Proteins involved in pADPr regulation contribute to PARGi sensitivity.

a, NormZ scores of sgRNA abundance between top and bottom groups in FACS-based anti-pADPr screens with HEK293A treated with PARGi (10 µM) for 4 hours. b, ARH3 loss and c, HPF1 loss show modestly increased sensitivity to PARGi in PARG KO cells. ARH3 or HPF knockout was confirmed by Western blotting and DNA sequencing. Cell viability was measured with the CellTiter-Glo assay after 3 days. d, XRCC1, LIG1, and POLB knockout in HEK293A was confirmed by Western blotting and DNA sequencing. LIG3 knockdown was validated by Western blotting, in which XRCC1 KO cells were included as controls. e, Flow cytometry analysis of pADPr signaling in cells treated with PARGi (10 µM) for 4 hours. PARG KO, LIG1 KO, and LIG3 KD cells treated with PARGi showed S phase-specific pAPDr signaling, while XRCC1 KO and POLB KO cells showed pAPDr signaling throughout the cell cycle. f, POLB was knocked down by shRNA in both HEK293A WT and PARG KO cells.

HR deficiency renders cells sensitive to PARGi.

a, Results of clonogenic assays conducted with RPE1 FLAG-Cas9 P53/BRCA1 DKO and PRE FLAG-Cas9 P53 KO cells with the indicated treatment for 14 days. b, Results of clonogenic assays conducted with inducible BRCA1 depletion of HeLa cells and corresponding 53BP1 KO cells, with or without BRCA1 depletion, which were co-treated with the indicated compounds for 7 days. BRCA1 was inducibly depleted by indole-3-acetic acid (IAA) and doxycycline (Dox) co-treatment; this was confirmed by Western blotting.

PARG loss is a robust marker of PARGi sensitivity.

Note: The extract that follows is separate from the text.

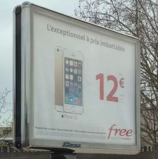 Lancée en décembre, cette nouvelle offre fait donc l’objet d’une campagne publicitaire. Sur la photo de l’affiche prise à Metz que nous a envoyée un Freenaute, on peut voir un iPhone 5s accompagné du slogan : « l’exceptionnel à prix imbattable » et le tarif de la location mensuel

a, Immunoblot of PARG in cells treated with PARG shRNA to knock down PARG. b, Results of clonogenic assays conducted in PARG knockdown cells. PARG was knocked down in the inducible BRCA1 depletion HeLa cells and corresponding 53BP1 KO cells. BRCA1 was inducibly depleted by IAA and Dox co-treatment. Cells were cultured for 7 days with the indicated treatment.

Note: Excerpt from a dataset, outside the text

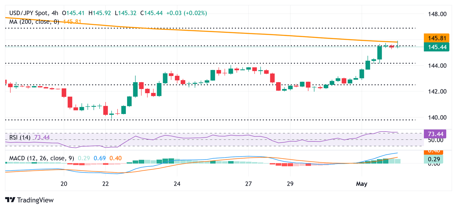 Desde una perspectiva técnica, la ruptura nocturna por encima del nivel de retroceso de Fibonacci del 38.2% de la caída de marzo-abril y la marca psicológica de 145.00 se vio como un desencadenante clave para los operadores alcistas. Además, los osciladores en el gráfico diario han comenzado a ganar tracción positiva y sugieren que el camino de menor resistencia para el par USD/JPY es al alza. Sin embargo, el movimiento posterior más allá del nivel del 50% de Fibonacci se detiene cerca de la media móvil simple (SMA) de 200 periodos en el gráfico de 4 horas.

KO cells were validated by DNA sequencing.

gDNA sequences are also indicated for each KO cells.

DePARylation activity of PARG is essential for cell survival.

a, HEK293A cKO cells were validated by DNA sequencing. gDNA sequences are indicated at the top. b, The dePARylation activity was assessed in whole cell lysates (WCLs) prepared from control wild-type (WT), PARG KO, and PARG cKO HEK293A cells. The dePARylation activity was measured with remnant pADPr recognized by anti-pADPr antibody, and normalized with the Control and the Blank samples as indicated in Materials and Methods. n = 4 independent measurements. c, The PARG dePARylation activity in WCL prepared from control WT and PARG KO HEK293A was inhibited in a dose-dependent manner in the presence of PARGi. WCL prepared from PARG cKO cells was included as a control. n = 3 independent measurements. d, The PARG dePARylation activity shown in c is presented with PARGi concentrations.